- [WORK REQUIRED] Leaving out all pictures, give again each line exactly, from the start of the listing through the line that contains "在GBox中,按住已安装的应".

- [PROVIDED DATA]
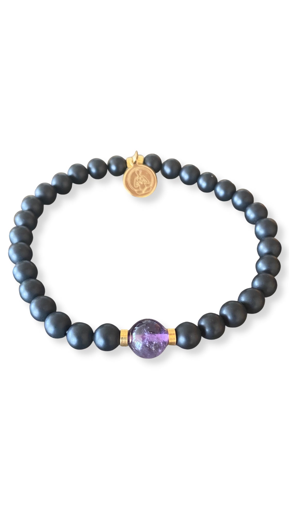 Black onyx gemstones highlight a single Amethyst gemstone with our signature gold-plated logo charm.
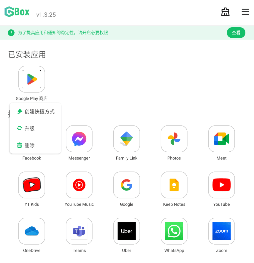 在GBox中,按住已安装的应用图标,下面会弹出菜单,将安装的应用创建快捷方式,这样,你就可以在手机桌面上启动这些应用了,是不是很简单!
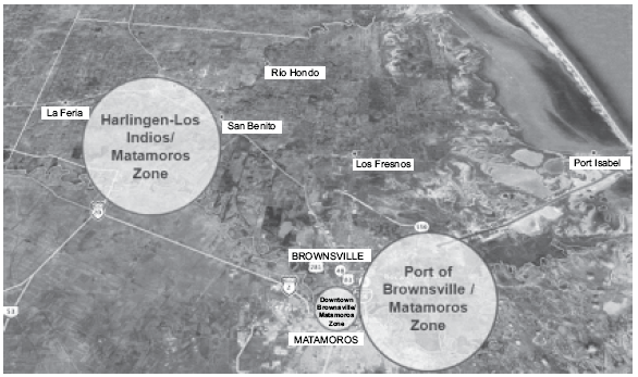 Más recientemente, en 2011, se emprendió un nuevo proyecto, el Bi-National Economic Development Zone (BiNED Zone), a propuesta y liderazgo de United Brownsville, una organización pública-privada. A principios de 2014, los alcaldes de Brownsville, Harlingen y Matamoros firmaron el acuerdo para su desarrollo y la creación del comité encargado de su seguimiento, con lo que se dio inicio al proyecto. La iniciativa se inspiró en parte en la experiencia transfronteriza de Reynosa y McAllen, también en la frontera Tamaulipas-Texas (Hirschberg, 2011), mucho más cercana a la planificación estratégica de carácter económico que a la territorial, y en el estratégico Imagine Brownsville Comprehensive Plan, elaborado en 2009 también por United Brownsville. La propuesta inicial respondía a los efectos regionales de la crisis económica mundial de 2008, a la refronterización por parte de Estados Unidos y a la violencia e inseguridad en México. Posteriormente se ha ido nutriendo de las expectativas generadas por varios proyectos de desarrollo territorial: un nuevo puente internacional ferroviario al oeste de Matamoros y Brownsville, la autopista interoceánica Mazatlán-Matamoros, la explotación petrolífera frente al litoral de Matamoros propiciada por la reforma energética en México y la construcción de un puerto en Matamoros y de un complejo aeronáutico en Brownsville (Space X). El proyecto busca incrementar el desarrollo económico de las tres ciudades por medio de la colaboración, la captación de inversión de capital internacional, el aumento de las exportaciones, la mejora de los espacios urbanos y de la integración urbana, y la dotación de infraestructuras de transporte, así como afrontar los retos de la seguridad fronteriza (González, 2011). A efectos de planificación se definieron tres áreas geográficas de actuación (mapa 2): la zona de Harlingen-Los Indios-Matamoros occidental, el puerto de Brownsville-Matamoros oriental, y los centros (downtown) de Brownsville y Matamoros. El proceso de concreción está siendo lento y a principios de 2015 sólo se habían discutido las oportunidades en el ámbito energético y comercial.
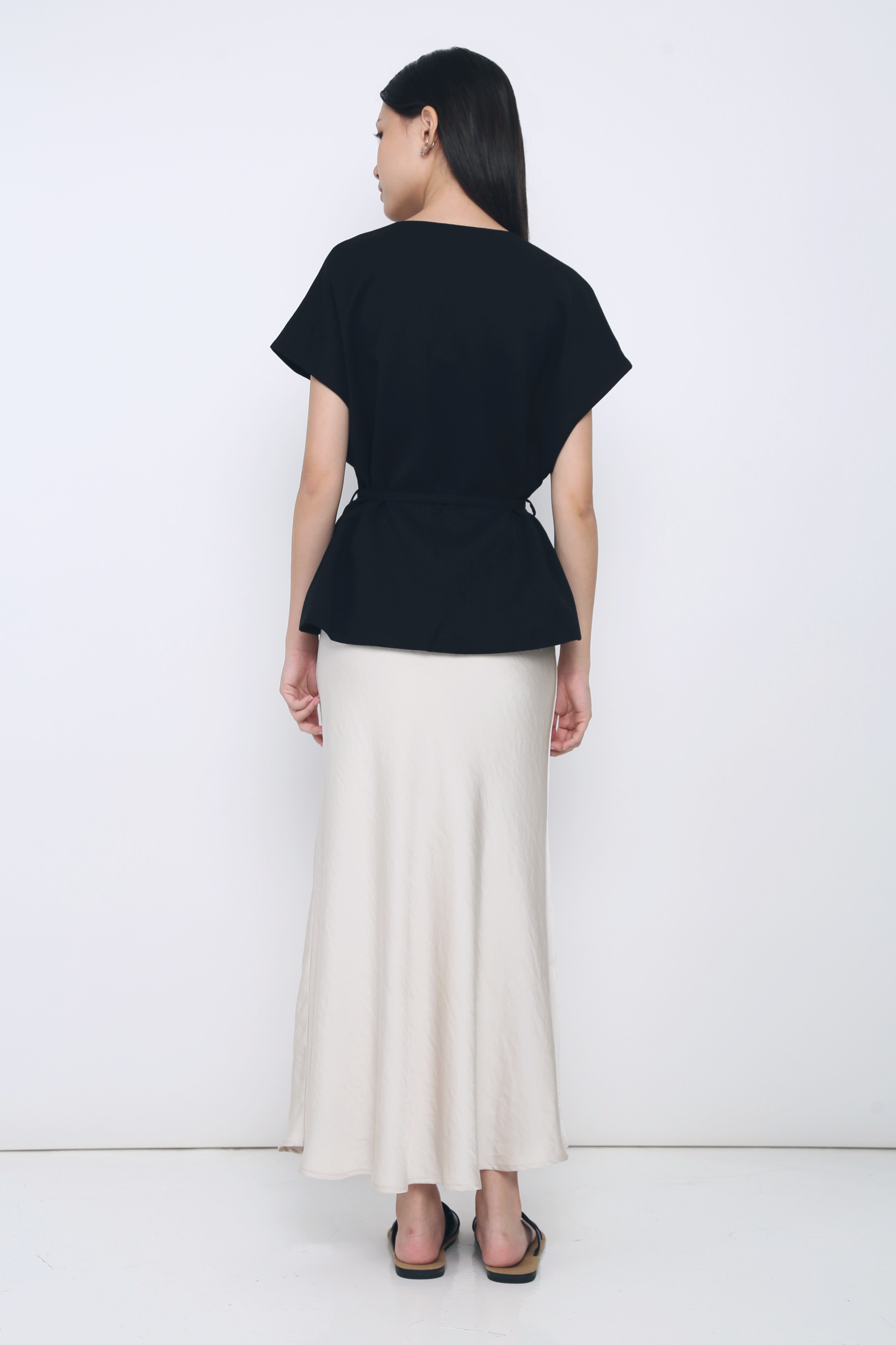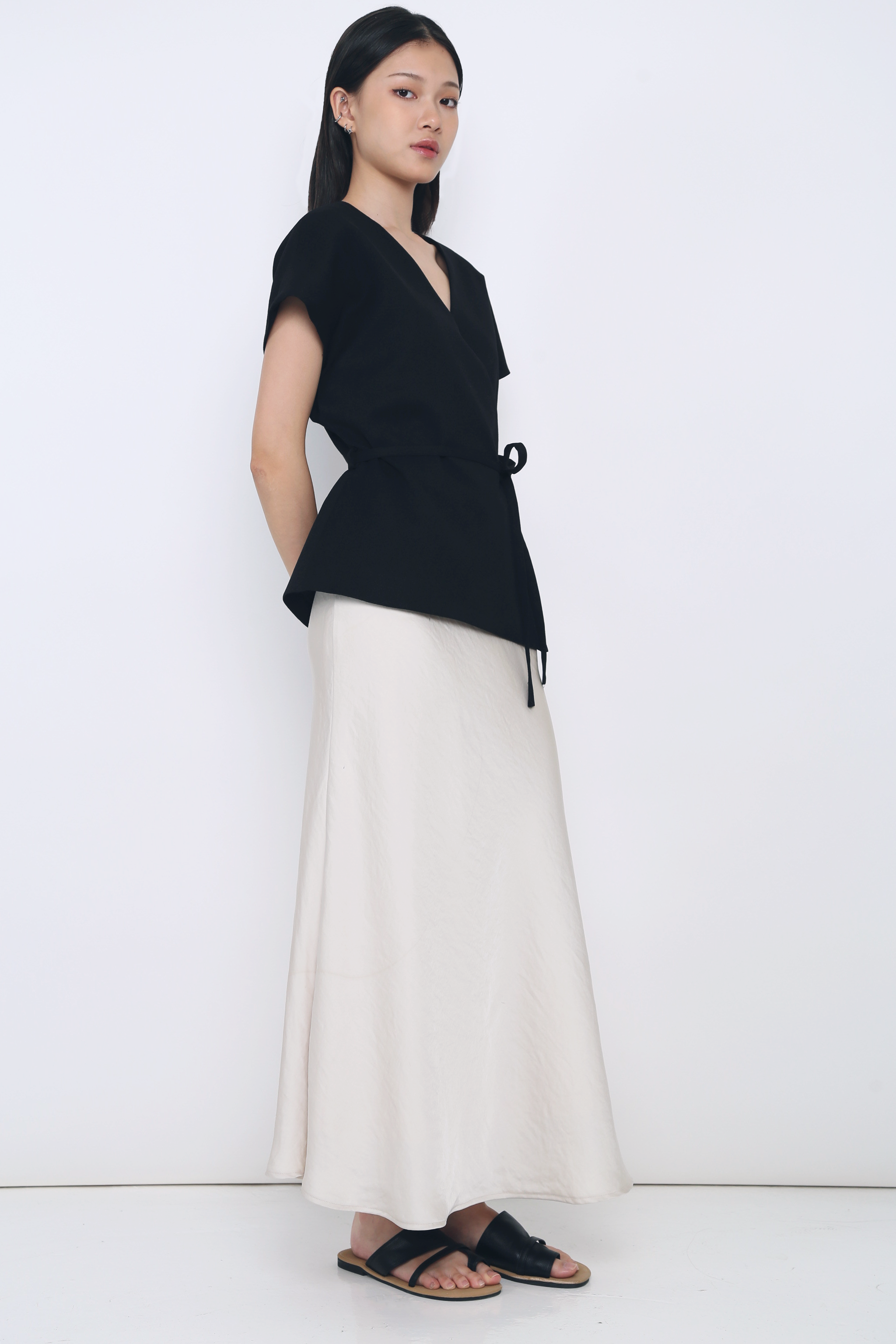The Dawn Kimono Wrap Blouse offers a stylish, adjustable fit in a premium polyester-cotton blend. Fully lined, it features a V-neck wrap design and a detachable sash for a defined silhouette. Available in classic black and soft cream, it's a versatile piece for any occasion.

- [THE ANSWER]
 Black onyx gemstones highlight a single Amethyst gemstone with our signature gold-plated logo charm.
 在GBox中,按住已安装的应用图标,下面会弹出菜单,将安装的应用创建快捷方式,这样,你就可以在手机桌面上启动这些应用了,是不是很简单!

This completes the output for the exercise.